Антон Григорьевич открыл им сам — пришлось ждать чуть ли не целую вечность. Первое, что испытал Меркулов, было изумление от того, как изменился некогда бравый человек за те годы, что они не виделись. Антон Григорьевич словно усох, стал меньше; признаки старения угадывались и в его пергаментной коже, и в редких волосах, и в словно подернутых мутью глазах, и, конечно же, в немощи, которую не могло скрыть ничто. Он поздоровался с гостями радушно, радостно, но сразу же, прямо на пороге начал показывать вмятины на филенке двери и косяке, демонстрировать замок — как он плохо работает, и это тоже было как-то по-стариковски суетливо, бестолково… как-то неправильно… Впрочем, Константин Дмитриевич и не думал ни сопротивляться этому, ни выказывать свое неудовольствие или удивление — ну что ж делать, значит, состарился человек, и надо воспринимать его таким, каков он есть.

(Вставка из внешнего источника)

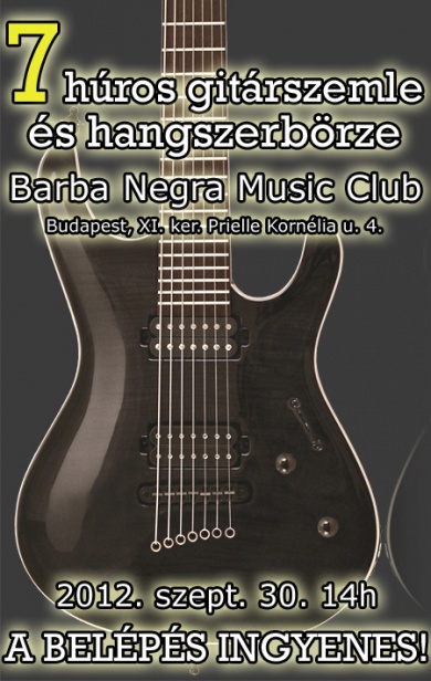 2012. szeptember 30-án a Barba Negra kalózhajója leereszti a csapóhidat a héthúros gitáron zenélők hazai közössége előtt. Egy jó hangulatú találkozó keretein belül a magyar hangszerüzletekben mostohagyerekként kezelt hét- illetve többhúros gitárok fanatikusai ízelítőt kaphatnak abból, hogy milyen élet van a belépő szintű hangszereken túl. Amire számítani lehet: egyedi készítésű mesterhangszerek, itthon ritkaságnak számító 7 és 8 húros gitárok, a legújabb Line6 erősítők a Medgyesi Hangszercenter jóvoltából, illetve egy kis bemutató performansz az egyik legelismertebb hazai héthúros-használó gitáros, Lukács Peta (Bikini, European Mantra) kezei közül.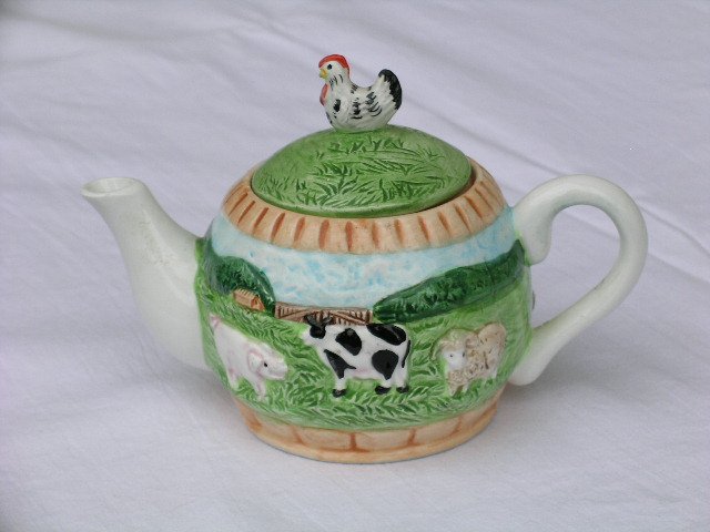 Unikalny, radośnie wiejskim pejzażem zwierząt zdobiony lekki porcelanowy imbryk na herbacianą esencję lub jedną porcję ziółek :) Ręcznie fakturowo wytłaczany, ręcznie malowany, na błyszcząco szkliwiony. Sygnowany Leonardo. Wyjątkowy, do ukochania i dla radosnej celebracji :) Pękatość 8,5; długość 14,5; wys. 9 cm. Przykrywka z języczkiem blokującym. Stan zachowania bardzo dobry.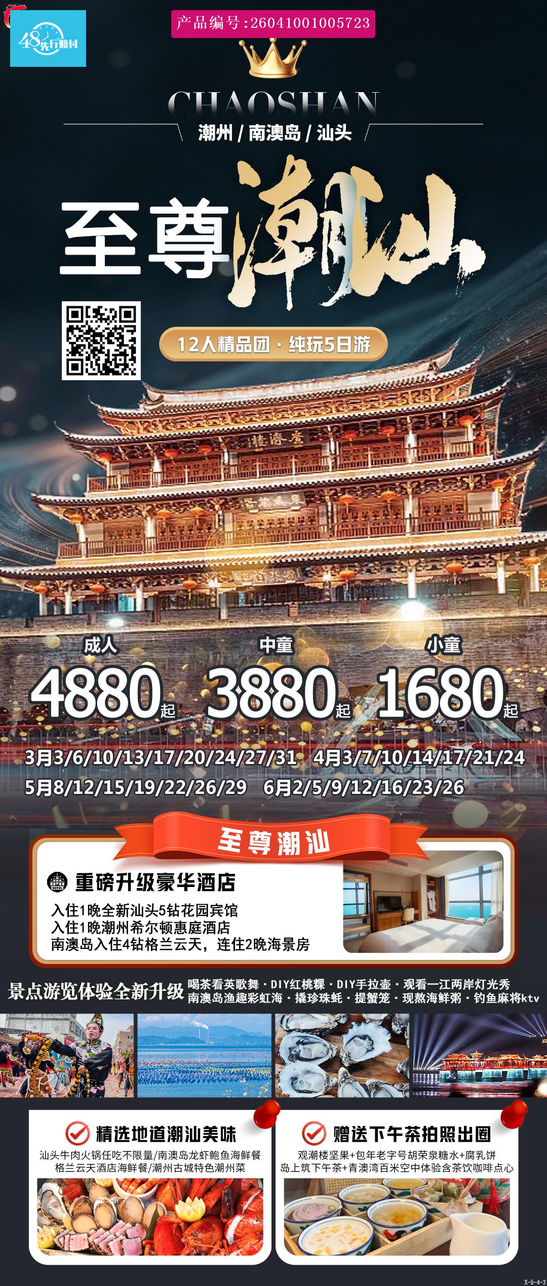 [p]1、住宿:入住1晚汕头5钻酒店+1晚潮州希尔顿品牌惠庭酒店+2晚南澳格兰云天酒店 [br] [/p] [p]【产生单房差请客人自理】 [br] [/p] [p]参考酒店:汕头花园宾馆、潮州希尔顿惠庭酒店、南澳岛格兰云天海景房 [br] [/p] [p]2、用餐:全程含4个酒店自助早、4个社会餐厅正餐(餐标80元—100元/人/餐) [br] [/p] [p]3、用车:指定GPS安全监控系统,空调旅游巴士,保证每人1正座。 [br] [/p] [p]4、导游:优秀持证专业导游。 [br] [/p]5、门票:报价包含景点首道门票(不含景区内设自费项目) [p]6、往返机票(团队票) [/p]

Денис же, словно не замечая ничего этого, внимательно рассматривал дверь и оставленные на ней следы — даже немного задержался у входа в квартиру, попросив хозяина подождать запираться.
— Я сам, с вашего позволения, закрою, хорошо?
Хозяин кивнул в ответ головой и усмехнулся.
— Какой обстоятельный молодой человек, — одобрительно сказал он, ведя Меркулова к вешалке.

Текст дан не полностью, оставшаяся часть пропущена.